Так пришел последний день перед тем, как Анфисе идти в тыл к белым. Боязливо вставала над горизонтом утренняя заря, когда к Анфисе, ждавшей в кустарнике на окраине станицы, пришел сам Шорников. Они присели на траву. Ночь скатывалась за курган, и, как бы провожая ее, тревожно щелкали соловьи.
Шорников, глядя куда-то мимо Анфисы, негромко ронял слова:
— Ты вот что, Анфиса Григорьевна... Нелегко тебе достанется. Особенно попервах. Так ты смотри... Учти, что жизнь твоя нам очень дорогая... — Он едва не сказал вместо «нам» — «мне», но пересилил себя. — И ты сама в пекло не лезь...
Анфиса смотрела на него и не узнавала. Что-то жалкое и грустное появилось в этом, казавшемся ей строгим и суровым человеке, не признававшем никаких чувств, кроме чувства долга. Она приметила, что его жесткие, цвета вороненой стали глаза потеплели. Бросив на нее короткий, будто случайный, взгляд и будто ожегшись о что-то, стремительно и стыдливо опускал глаза. И то, что его невозможно было понять, взаправду ли он жалеет ее или же просто для порядка произносит те самые казенные слова, которые принято говорить при прощании, и удивляло и обижало ее.
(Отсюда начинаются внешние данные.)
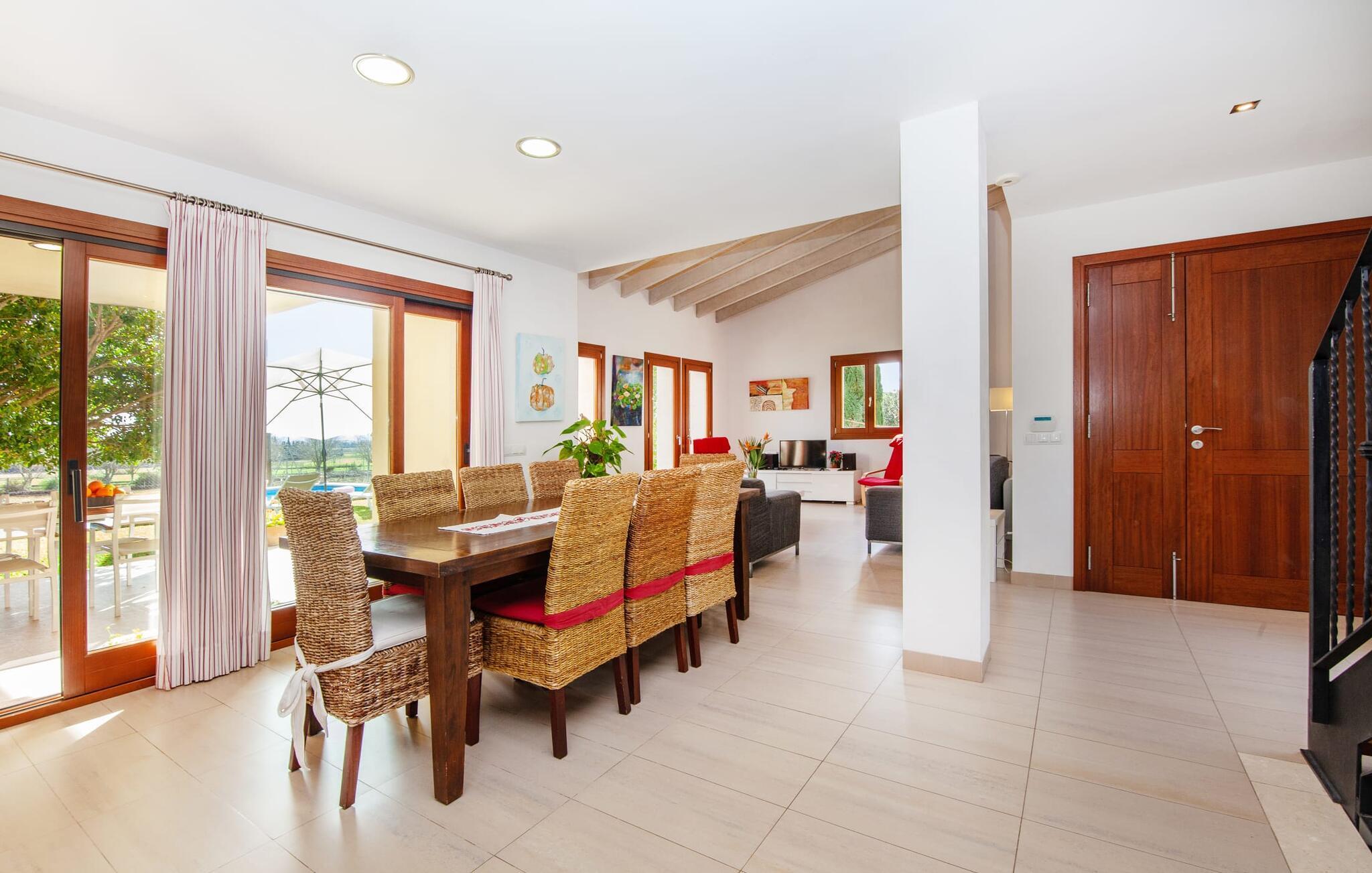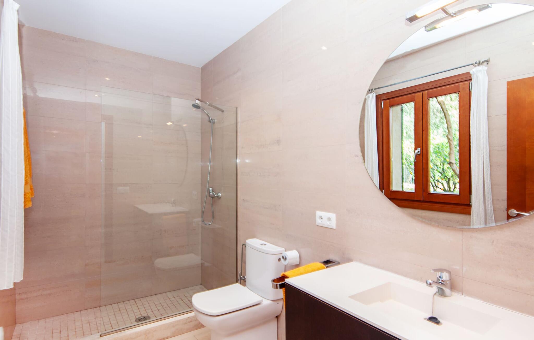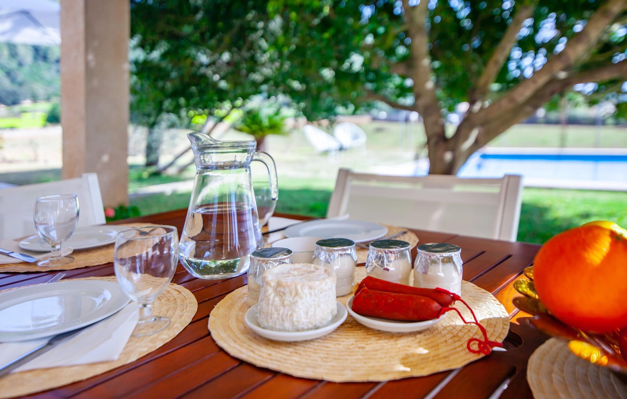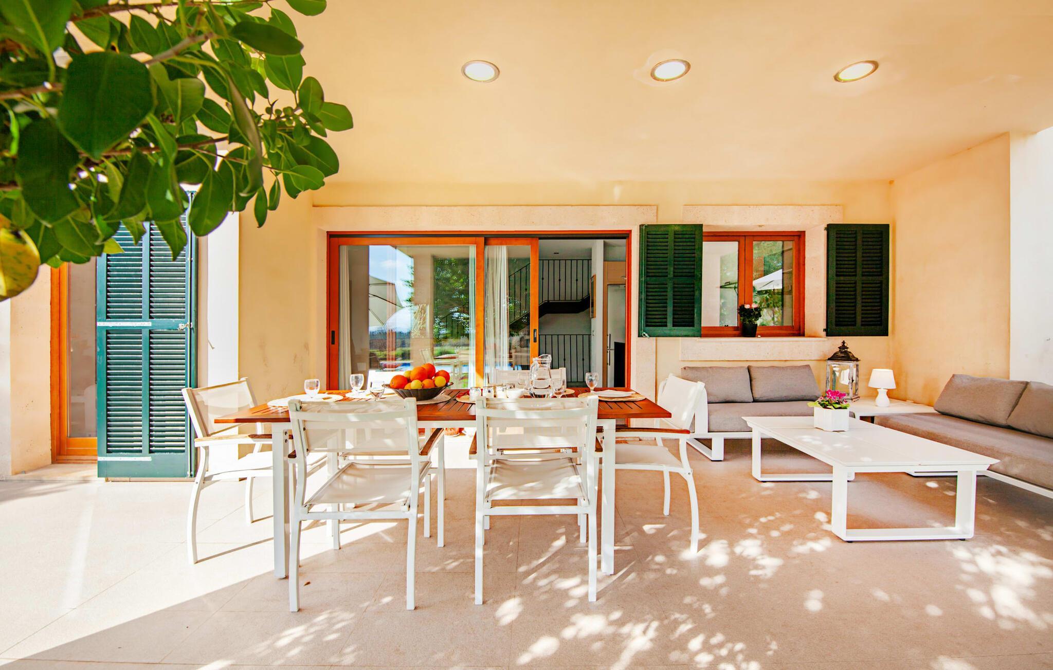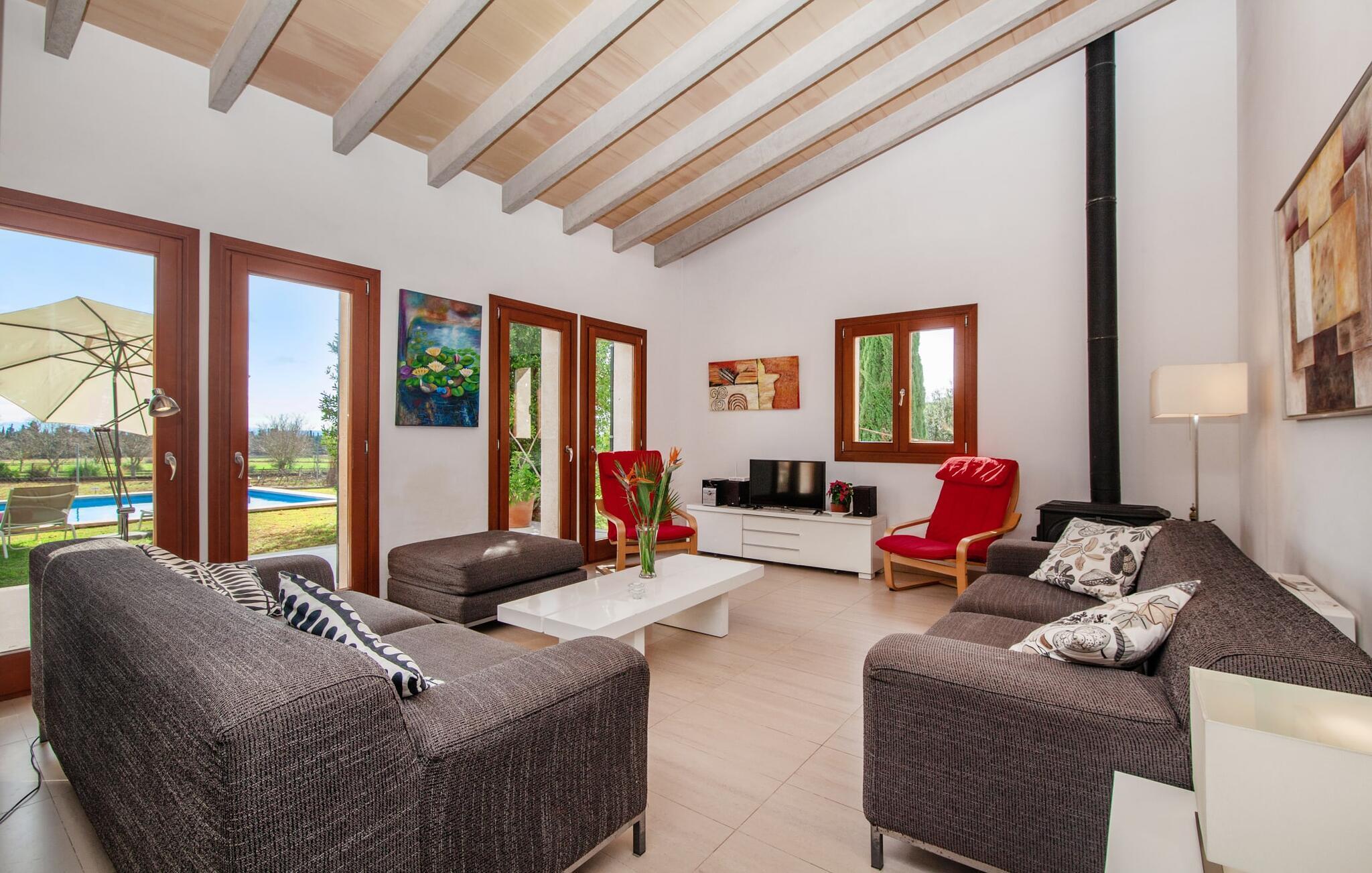 Dette smukke feriehus på Mallorca er omgivet af vidunderligt frodige træer og udsigten fra forsiden af det omkringliggende landskab kunne næsten ikke være mere fortryllende. Du får straks lyst til at slå lejr ved siden af det høje palmetræ og nyde en bog og din yndlingsdrink på en af de komfortable liggestole. Fortsætte! Der er masser af plads på græsplænen til lange timers afslapning, og de børn, der er kommet med, vil helt sikkert nyde pladsen til at løbe rundt! På varme dage er der naturligvis ingen stop for en forfriskning, den lange pool inviterer dig til at tage et par omgange eller plaske rundt. Poolen er meget nem at nå via en hjørnetrappe og skråner derefter behageligt ned. Svømning med udsigt over bjergene! De stilfuldt indrettede, åbne eller overdækkede terrasseområder inviterer til afslapning lige ved siden af huset. Her er afstandene til køkken mm korte uden at gå på kompromis med udsigten til landskabet. Dette er et Fincallorca feriehus. Husets indretning er også indbydende: megen harmoni i form af absolut harmonisk arrangerede former, materialer og farver samt mange lyse, gulv-til-loft vinduer skaber en atmosfære af ren komfort. Komfortable polstrede møbler inviterer dig til at fejre afslapning indendørs med en smuk udsigt udenfor. Om pejsen eller fjernsynet (eller begge dele) giver komfort på en kølig aften er helt op til dig. Måske er det en god snak og et lækkert glas rødvin, der gør samværet endnu sjovere? Herfra er der glidende overgang til spisepladsen og det tilstødende, fuldt udstyrede køkken, hvor alt er til rådighed til selvforplejning. På denne nederste etage er der også et soveværelse med dobbeltseng og et badeværelse. På øverste etage er der yderligere tre soveværelser og to badeværelser, hvoraf det ene er en suite. Soveværelserne scorer også point med gulv til loft vinduer og en vidunderlig udsigt. Nu burde det stå klart: Hvis du værdsætter stil og komfort og ønsker at nyde den smukkeste landskabsudsigt på din ferie, er denne finca på Mallorca det rigtige sted for dig! Et drømmehus på Mallorca med en bekvem beliggenhed til attraktive udflugtsmål og stranden? Her er det! Herfra kan du nemt rejse i forskellige retninger og samtidig føle dig hjemme i den meget smagfuldt indrettede finca og nyde den smukke have. Der er godt 5 km til byen for shopping. Alcúdia-bugten med dens 16 km lange kæde af strande ligger også kun en kort køretur væk og byder på et varieret program.

— И чего ты вздумал меня загодя хоронить? — почти сердито спросила Анфиса. — Никак жаль тебя проняла? Пожалел волк кобылу! Меня в печь, а самому как бы сбечь. Не надо мне никаких твоих жалостных слов. Я за эту последнюю ноченьку так себя извела, так настропалила, что никакие слезы меня теперь не проймут.
— Да не жалею я тебя,
Анфиса Григорьевна, — жестко произнес Шорников. — А говорю так потому, что ты нам живая нужна, а не мертвая. И так далее...Его опять подмывало сказать не «нам», а «мне» и тем самым признаться ей в своих чувствах, но у него не хватило духа. «Оказывается, впервой сказать бабе о своей любви — для этого отчаянная храбрость нужна. Поболее, чем в рукопашной», — с горечью подумал он.
— А не жалеешь, так и хорошо. Прощевай, Василий Макарович.
— Прощай, Анфиса Григорьевна. Может, у тебя какая просьба есть? Я завсегда уважу.
Анфиса склонила голову, подумала и ответила решительно, как бы наотмашь:
— Ты мне, Василий Макарович, Тимошу смогешь найтить? У тебя же, я так своей бабьей башкой кумекаю, везде разведчики расставлены. Не одна же я у тебя. Вот ты им и накажи, чтоб поискали. Век тебе буду обязана...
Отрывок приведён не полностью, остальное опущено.